Task requirements:
An exact transcription of every record is needed, leaving out the pictures.

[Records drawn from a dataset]
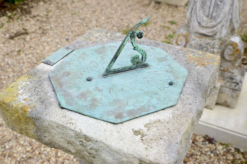 Octagonal bronze sundial plate with a scroll gnomon on a beautifully carved stone base. The sundial was a gift dated 1930.
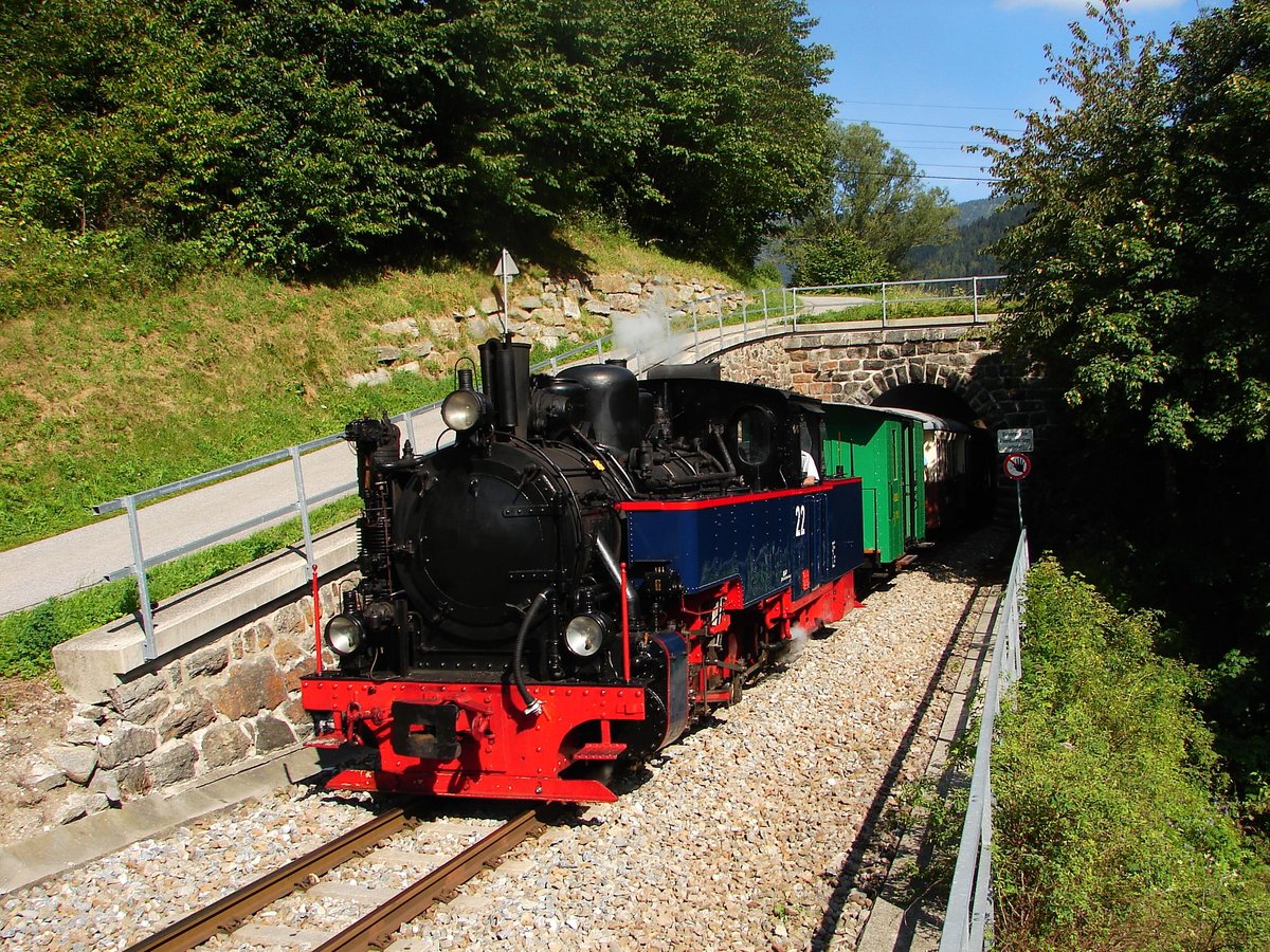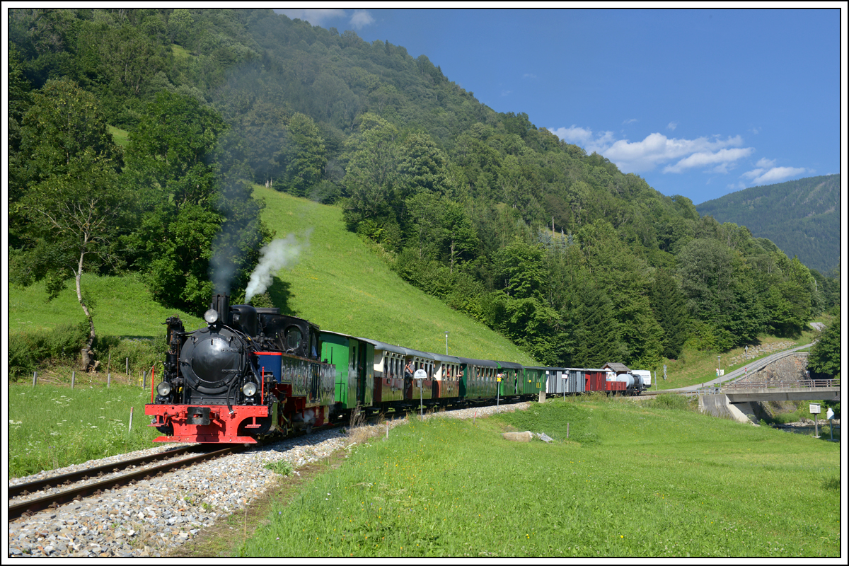 SKGLB 22 bespannte am 19.7.2018 einen Sonderzug von Mauterndorf in der Ferienregion Lungau, nach Murau und wieder retour. Die Aufnahme zeigt den Zug bei der Retourfahrt kurz nach St. Andrä im Lungau.
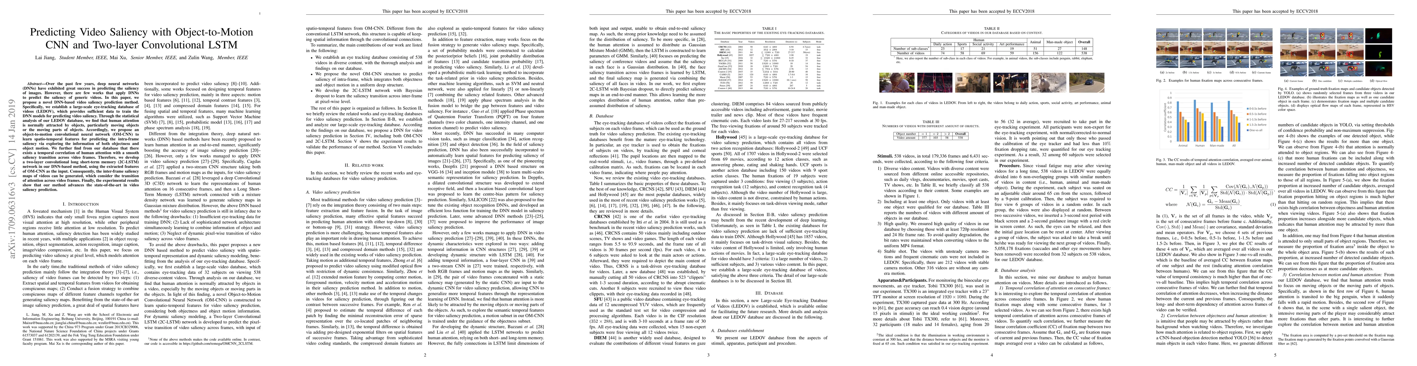 This paper proposes a novel deep neural network method for predicting video saliency, utilizing an object-to-motion convolutional neural network (OM-CNN) to capture spatial features and a two-layer convolutional LSTM (2C-LSTM) to model temporal correlations. The method is trained on a new large-scale video eye-tracking database, LEDOV, and demonstrates superior performance in video saliency prediction.
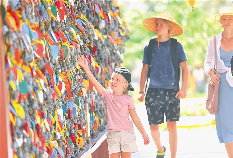 10月7日,游客在三亚南山文化旅游区游览。新华社发(陈文武 摄)
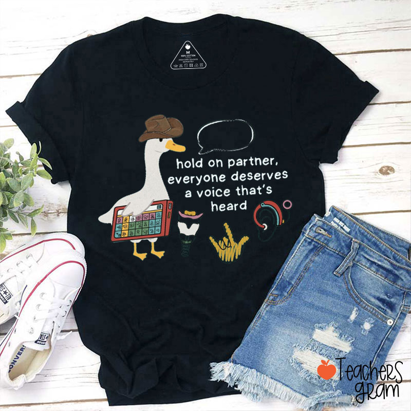 Hold On Partner Everyone Deserves A Voice That's Heard Teacher T-Shirt
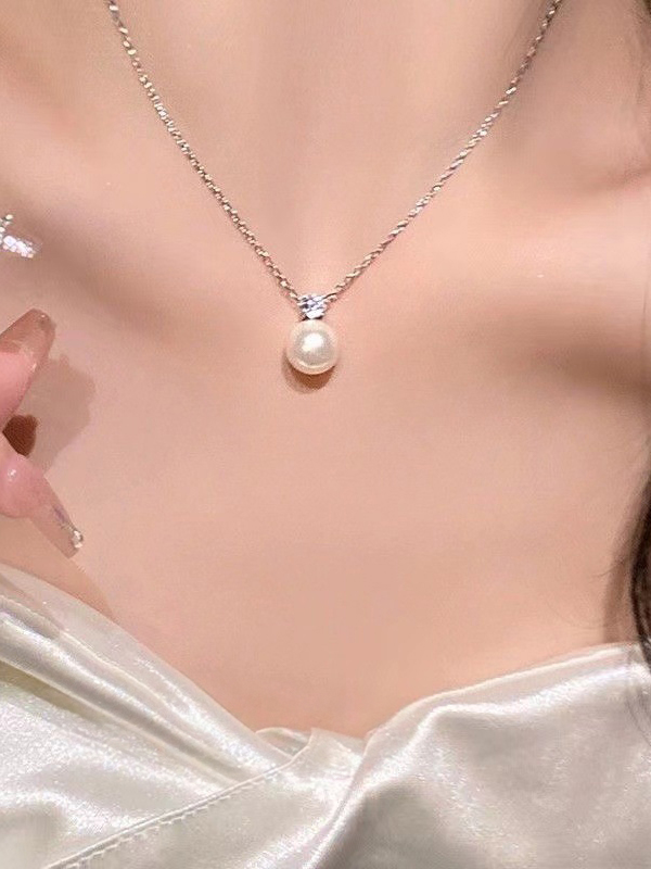 Halskette mit Perlen-Diamant-Anhänger
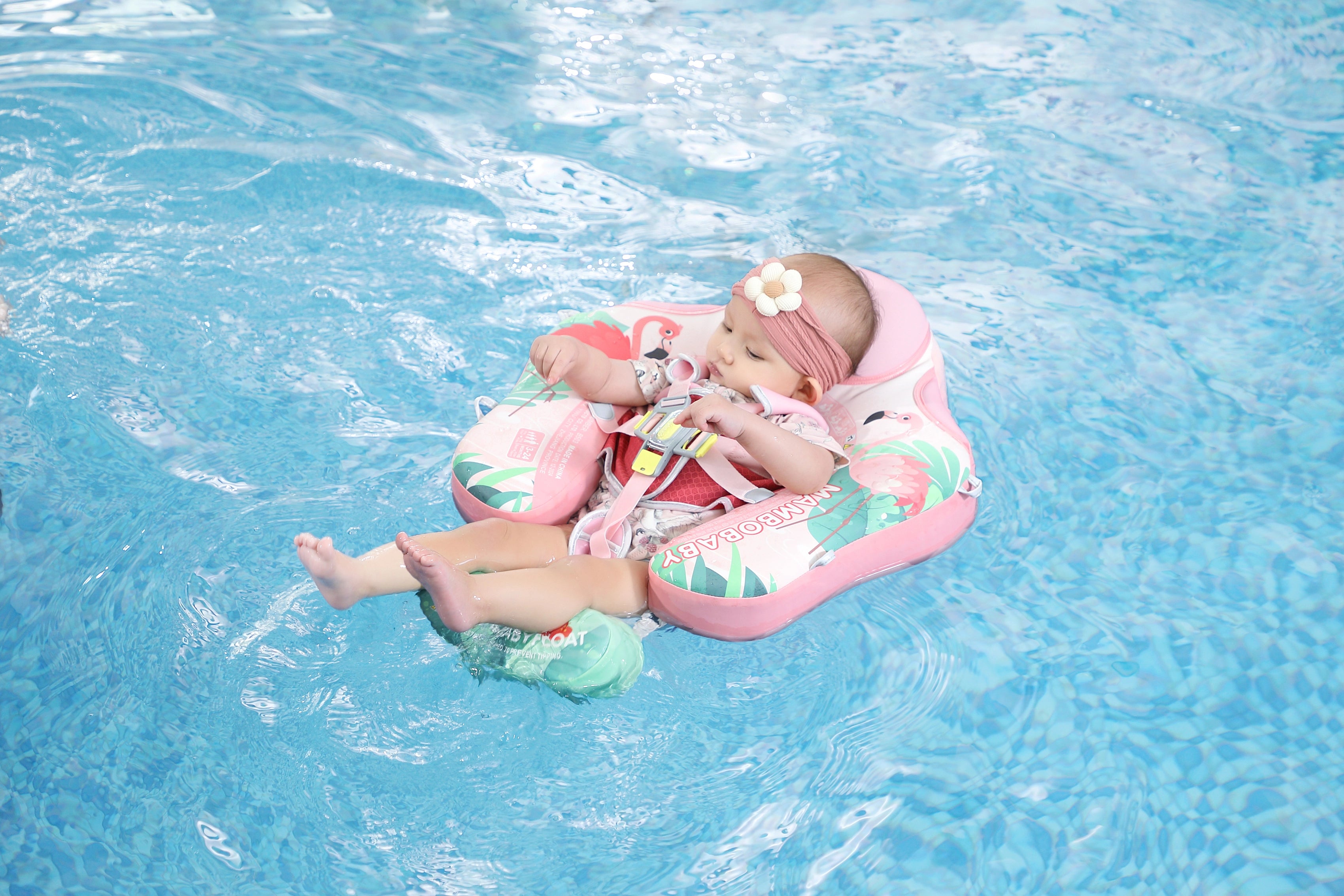 Mambobaby Yüzme Simidi - Pembe Flamingo, Emniyetli, Gölgelikli ve Ayak Destekli
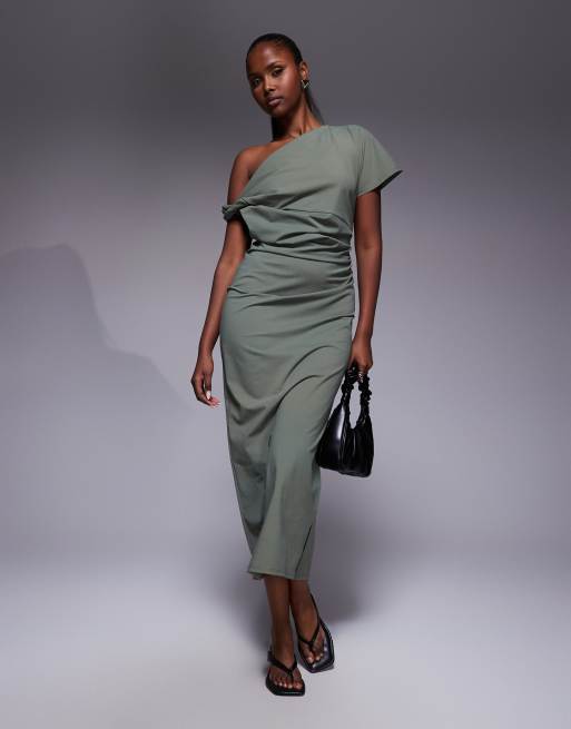 ASOS DESIGN – Sukienka midi z ozdobnie skręconym ramiączkiem w kolorze khaki
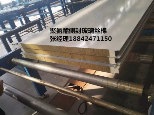 A,聚氨酯侧封玻璃丝棉复合板,属于一种预制的建筑用材,它有芯材,芯材两侧有非金属材料的左
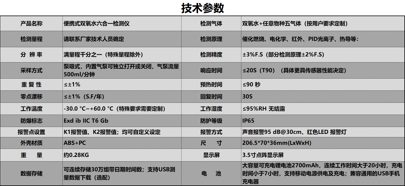 環順科技便攜式雙氧水六合一分析儀是環順科技全新打造的一款多合一手持式雙氧水分析儀。采用原裝進口傳感器及全新32位低功耗ARM處理器; 3.5寸彩色LCD液晶屏顯示,清晰直觀,美觀大方;極佳的人機交互方式,操作簡單方便;中英文雙語言選擇,一體化氣室,最多可同時檢測六種氣體濃度;圖标加文字菜單顯示,實用、直觀、大方; 可發出聲光加震動報警信号,報警及時、準确、無疏漏;防爆結構設計可應用在各種危險的工業場所;産品廣泛應用石油化工、倉儲、消防、能(néng)源電力、應急檢測、受限空間檢測、管道(dào)管路檢測、化工污水處理等需要連續檢測易燃易爆、有毒有害氣體場所和各個行業。
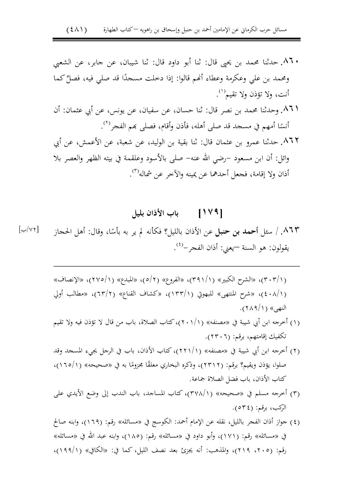 863 - / سئل أحمد بن حنبل عن الأذان بالليل؟ فكأنه لم ير به بأسًا، وقال: أهل الحجاز يقولون: هو السنة -يعني: أذان الفجر-.
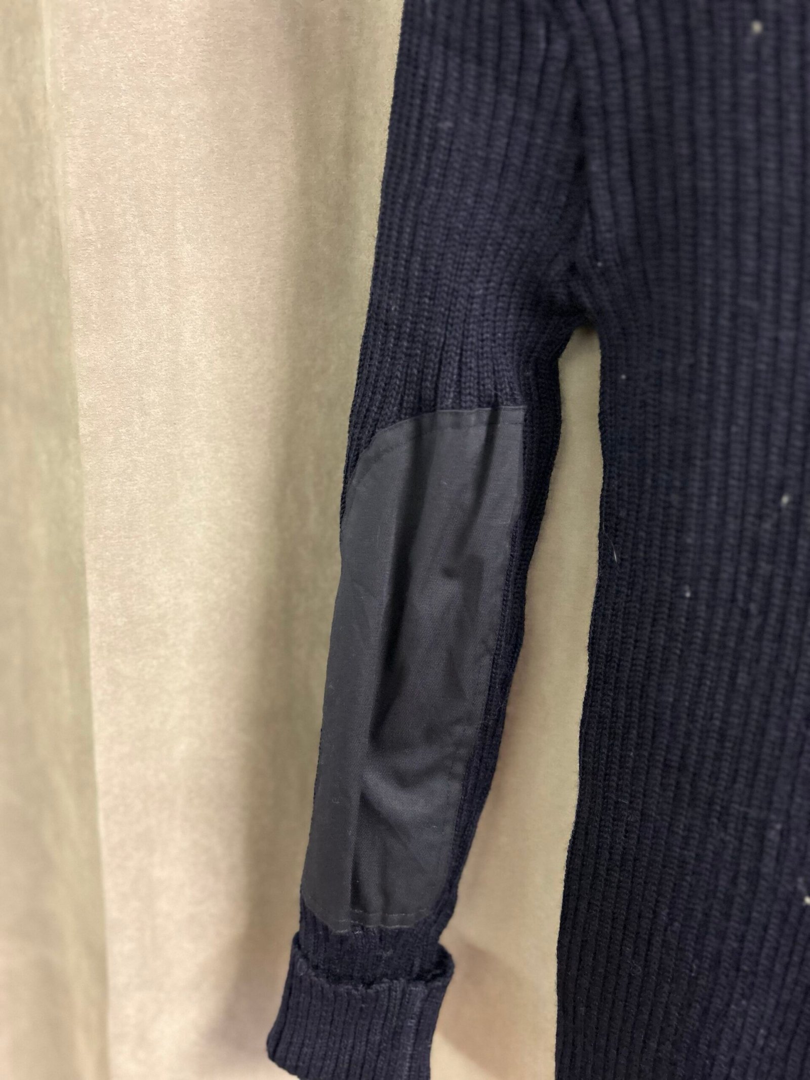 Riporta taglia 40-42 M, veste meno, in 100% pura lana vergine con toppe rinforzate su spalle e gomiti in poliestere e cotone per una maggiore resistenza e longevità

Output of the exercise:
 Octagonal bronze sundial plate with a scroll gnomon on a beautifully carved stone base. The sundial was a gift dated 1930.
 SKGLB 22 bespannte am 19.7.2018 einen Sonderzug von Mauterndorf in der Ferienregion Lungau, nach Murau und wieder retour. Die Aufnahme zeigt den Zug bei der Retourfahrt kurz nach St. Andrä im Lungau.
 This paper proposes a novel deep neural network method for predicting video saliency, utilizing an object-to-motion convolutional neural network (OM-CNN) to capture spatial features and a two-layer convolutional LSTM (2C-LSTM) to model temporal correlations. The method is trained on a new large-scale video eye-tracking database, LEDOV, and demonstrates superior performance in video saliency prediction.
 10月7日,游客在三亚南山文化旅游区游览。新华社发(陈文武 摄)
 Hold On Partner Everyone Deserves A Voice That's Heard Teacher T-Shirt
 Halskette mit Perlen-Diamant-Anhänger
 Mambobaby Yüzme Simidi - Pembe Flamingo, Emniyetli, Gölgelikli ve Ayak Destekli
 ASOS DESIGN – Sukienka midi z ozdobnie skręconym ramiączkiem w kolorze khaki
 A,聚氨酯侧封玻璃丝棉复合板,属于一种预制的建筑用材,它有芯材,芯材两侧有非金属材料的左
 環順科技便攜式雙氧水六合一分析儀是環順科技全新打造的一款多合一手持式雙氧水分析儀。采用原裝進口傳感器及全新32位低功耗ARM處理器; 3.5寸彩色LCD液晶屏顯示,清晰直觀,美觀大方;極佳的人機交互方式,操作簡單方便;中英文雙語言選擇,一體化氣室,最多可同時檢測六種氣體濃度;圖标加文字菜單顯示,實用、直觀、大方; 可發出聲光加震動報警信号,報警及時、準确、無疏漏;防爆結構設計可應用在各種危險的工業場所;産品廣泛應用石油化工、倉儲、消防、能(néng)源電力、應急檢測、受限空間檢測、管道(dào)管路檢測、化工污水處理等需要連續檢測易燃易爆、有毒有害氣體場所和各個行業。
 863 - / سئل أحمد بن حنبل عن الأذان بالليل؟ فكأنه لم ير به بأسًا، وقال: أهل الحجاز يقولون: هو السنة -يعني: أذان الفجر-.
 Riporta taglia 40-42 M, veste meno, in 100% pura lana vergine con toppe rinforzate su spalle e gomiti in poliestere e cotone per una maggiore resistenza e longevità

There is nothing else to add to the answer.